Description of the task.
In the entries that follow, the first line to write out is the one containing "いよいよ登山道に入る。山肌に", and the last is the one containing "शिमला, अखिल भारतीय". Reproduce that stretch exactly, with nothing before or after it.

[Stored dataset items]
= Beginning of Section =
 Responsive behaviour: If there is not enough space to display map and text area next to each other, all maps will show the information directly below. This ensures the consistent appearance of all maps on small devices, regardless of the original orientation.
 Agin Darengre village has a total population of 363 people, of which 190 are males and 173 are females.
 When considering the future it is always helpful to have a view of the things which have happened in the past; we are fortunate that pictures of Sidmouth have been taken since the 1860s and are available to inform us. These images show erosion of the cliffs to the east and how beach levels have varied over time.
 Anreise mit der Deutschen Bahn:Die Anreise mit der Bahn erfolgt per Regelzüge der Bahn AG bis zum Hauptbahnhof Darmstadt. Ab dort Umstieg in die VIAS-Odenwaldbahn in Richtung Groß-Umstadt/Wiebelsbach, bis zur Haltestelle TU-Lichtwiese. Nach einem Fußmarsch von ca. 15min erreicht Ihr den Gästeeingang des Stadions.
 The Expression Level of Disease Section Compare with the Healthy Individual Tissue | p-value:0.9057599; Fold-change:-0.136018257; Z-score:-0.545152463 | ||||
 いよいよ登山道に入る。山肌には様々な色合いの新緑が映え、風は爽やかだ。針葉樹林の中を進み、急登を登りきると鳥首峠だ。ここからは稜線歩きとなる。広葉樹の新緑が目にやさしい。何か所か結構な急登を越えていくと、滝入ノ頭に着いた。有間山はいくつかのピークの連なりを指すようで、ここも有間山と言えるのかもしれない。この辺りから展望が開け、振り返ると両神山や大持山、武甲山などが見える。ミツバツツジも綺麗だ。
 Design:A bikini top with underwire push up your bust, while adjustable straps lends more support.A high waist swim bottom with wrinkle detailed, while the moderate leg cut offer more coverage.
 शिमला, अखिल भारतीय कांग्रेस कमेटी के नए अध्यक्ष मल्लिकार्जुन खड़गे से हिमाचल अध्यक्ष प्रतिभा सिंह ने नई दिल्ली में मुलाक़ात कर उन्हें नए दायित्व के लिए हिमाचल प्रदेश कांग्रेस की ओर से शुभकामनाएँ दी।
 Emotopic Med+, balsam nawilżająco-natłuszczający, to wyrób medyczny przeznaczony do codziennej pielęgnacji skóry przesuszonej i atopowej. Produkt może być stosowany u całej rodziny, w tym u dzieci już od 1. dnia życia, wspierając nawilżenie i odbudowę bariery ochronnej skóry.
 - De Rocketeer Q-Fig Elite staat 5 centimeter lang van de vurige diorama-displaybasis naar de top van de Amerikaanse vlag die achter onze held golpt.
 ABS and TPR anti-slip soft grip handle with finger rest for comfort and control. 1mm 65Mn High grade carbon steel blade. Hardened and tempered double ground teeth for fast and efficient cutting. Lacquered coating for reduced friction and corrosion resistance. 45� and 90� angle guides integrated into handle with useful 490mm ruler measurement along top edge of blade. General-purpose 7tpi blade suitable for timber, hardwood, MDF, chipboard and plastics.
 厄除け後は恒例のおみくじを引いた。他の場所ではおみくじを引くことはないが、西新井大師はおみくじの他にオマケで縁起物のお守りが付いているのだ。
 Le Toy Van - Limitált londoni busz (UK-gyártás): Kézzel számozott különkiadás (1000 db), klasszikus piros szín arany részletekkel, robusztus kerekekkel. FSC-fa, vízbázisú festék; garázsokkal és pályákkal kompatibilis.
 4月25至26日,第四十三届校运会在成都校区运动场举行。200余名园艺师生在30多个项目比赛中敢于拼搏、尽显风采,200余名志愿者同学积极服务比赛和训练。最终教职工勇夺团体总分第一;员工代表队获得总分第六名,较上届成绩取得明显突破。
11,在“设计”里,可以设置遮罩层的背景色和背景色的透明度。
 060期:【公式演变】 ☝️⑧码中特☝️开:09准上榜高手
= End of Section =
Answer to this exercise.
 いよいよ登山道に入る。山肌には様々な色合いの新緑が映え、風は爽やかだ。針葉樹林の中を進み、急登を登りきると鳥首峠だ。ここからは稜線歩きとなる。広葉樹の新緑が目にやさしい。何か所か結構な急登を越えていくと、滝入ノ頭に着いた。有間山はいくつかのピークの連なりを指すようで、ここも有間山と言えるのかもしれない。この辺りから展望が開け、振り返ると両神山や大持山、武甲山などが見える。ミツバツツジも綺麗だ。
 Design:A bikini top with underwire push up your bust, while adjustable straps lends more support.A high waist swim bottom with wrinkle detailed, while the moderate leg cut offer more coverage.
 शिमला, अखिल भारतीय कांग्रेस कमेटी के नए अध्यक्ष मल्लिकार्जुन खड़गे से हिमाचल अध्यक्ष प्रतिभा सिंह ने नई दिल्ली में मुलाक़ात कर उन्हें नए दायित्व के लिए हिमाचल प्रदेश कांग्रेस की ओर से शुभकामनाएँ दी।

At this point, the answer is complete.